We are living in a timeline where a non-US company is keeping the original mission of OpenAI alive – truly open, frontier research that empowers all. It makes no sense. The most entertaining outcome is the most likely.
— Jim Fan (@DrJimFan) January 20, 2025
DeepSeek-R1 not only open-sources a barrage of models but… pic.twitter.com/M7eZnEmCOY
The company first used the DeepSeek-V3 database as a base model, developing its inference capabilities without using supervised data, essentially focusing solely on its own evolution through a purely RL-based trial-and-error process. This ability, developed from work, ensures that the model can solve increasingly intricate reasoning tasks, using calculations extended during testing to delve deeper into and refine thought processes.
“During training, DeepSeek-R1-Zero naturally revealed many powerful and interesting reasoning behaviors,” the researchers note in the paper. “After thousands of RL steps, DeepSeek-R1-Zero shows excellent performance in inference tests. For example, the pass@1 score in AIME 2024 increased from 15.6% to 71.0%, and with majority voting the score further improved to 86.7%, matching the performance of OpenAI-o1-0912.
However, despite improvements in performance, including behaviors such as reflection and exploration of alternatives, the initial model did exhibit some problems, including impoverished readability and language mixing. To solve this problem, the company built on the work done for R1-Zero, using a multi-step approach combining both supervised learning and reinforcement learning, and thus developed an improved R1 model.

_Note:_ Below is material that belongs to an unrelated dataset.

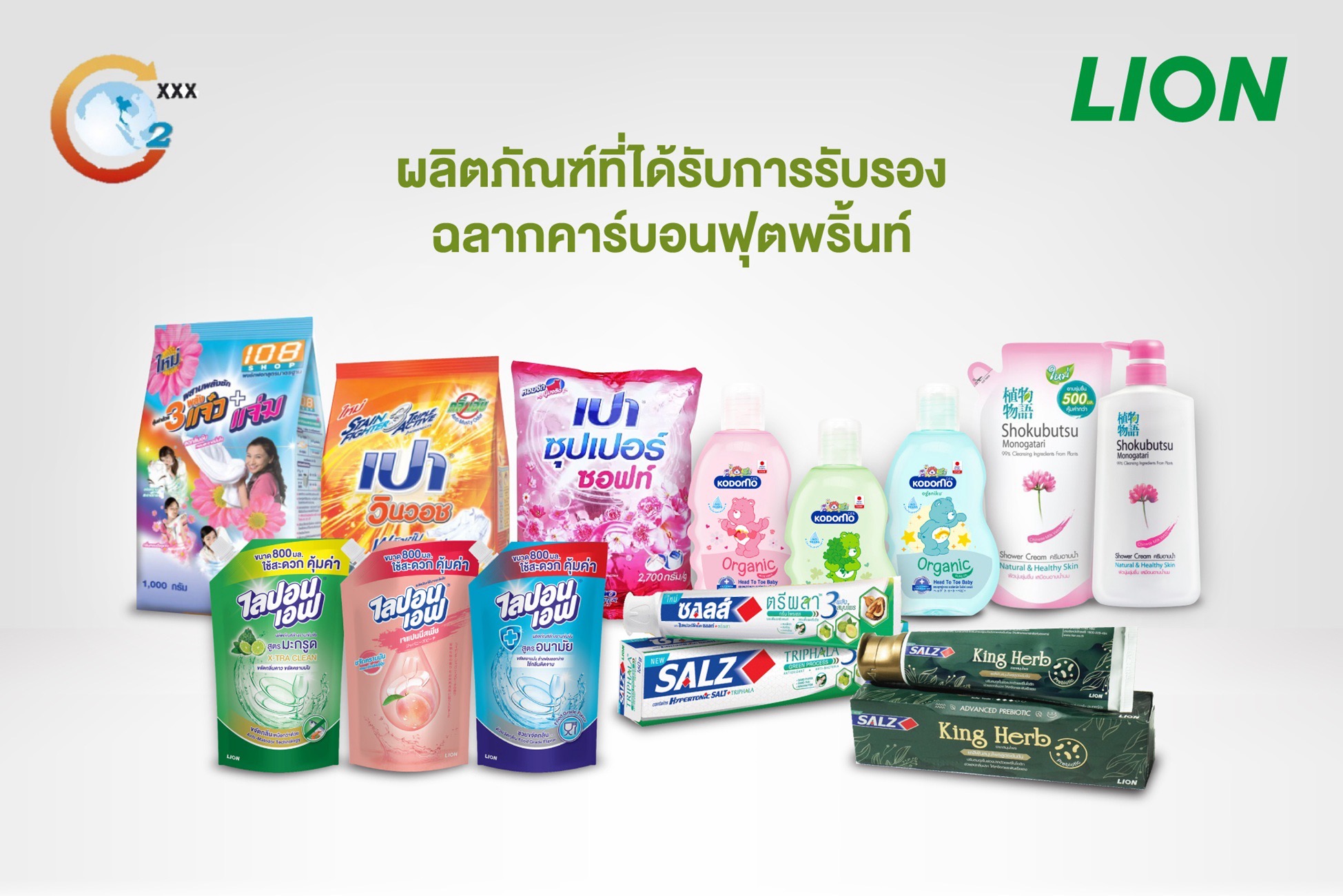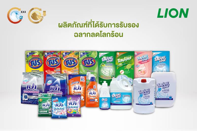 ปัจจุบัน ไลอ้อนมีผลิตภัณฑ์กว่า 17 SKUs ที่ได้รับฉลากลดโลกร้อน อาทิ ไลปอนเอฟ สูตรอนามัย ไลปอนเอฟ สูตรมะกรูด ไลปอนเอฟ เจแปนนีสพีช และไลปอน กลิ่นชามะนาว เป็นต้นในรูปแบบ “ถุงเติมรีฟิล” และยังเป็นรายแรกในประเทศไทยที่ได้รับฉลากลดโลกร้อน (Carbon Footprint Reduction) ในกลุ่มผลิตภัณฑ์น้ำยาล้างจาน อย่างต่อเนื่อง ตั้งแต่ปี 2014 จนถึง ปัจจุบัน

“Specifically, we start by collecting thousands of cold start data to fine-tune the DeepSeek-V3-Base model,” the researchers explained. “Then we do a reasoning-oriented RL like DeepSeek-R1-Zero. Once we achieve convergence in the RL process, we create new SFT data by reject sampling at the RL checkpoint, combined with supervised data from DeepSeek-V3 in domains such as writing, actual QA, and self-discovery, and then retrain the DeepSeek-V3-base model . After fine-tuning with new data, the checkpoint undergoes an additional RL process, incorporating hints from all scenarios. After completing these steps, we obtained a checkpoint called DeepSeek-R1, which achieves performance comparable to OpenAI-o1-1217.”
Much cheaper than o1
In addition to improved performance that nearly rivals OpenAI’s o1 in benchmarks, the up-to-date DeepSeek-R1 is also very affordable. Specifically, while OpenAI o1 costs $15 per million input tokens and $60 per million output tokens, DeepSeek Reasoner, which is based on the R1 model, costs $0.55 per million input tokens and $2.19 per million output tokens.
Sooo @deepseek_ai's reasoner model, which sits somewhere between o1-mini & o1 is about 90-95% cheaper 👀 https://t.co/ohnI6dtPRC pic.twitter.com/Qn78yIGUtt
— Emad (@EMostaque) January 20, 2025
The model can be tested as “DeepThink” on the platform DeepSeek chat platformwhich is similar to ChatGPT. Interested users can access the model weights and code repository via Hugging Face under the MIT license, or can employ the API for direct integration.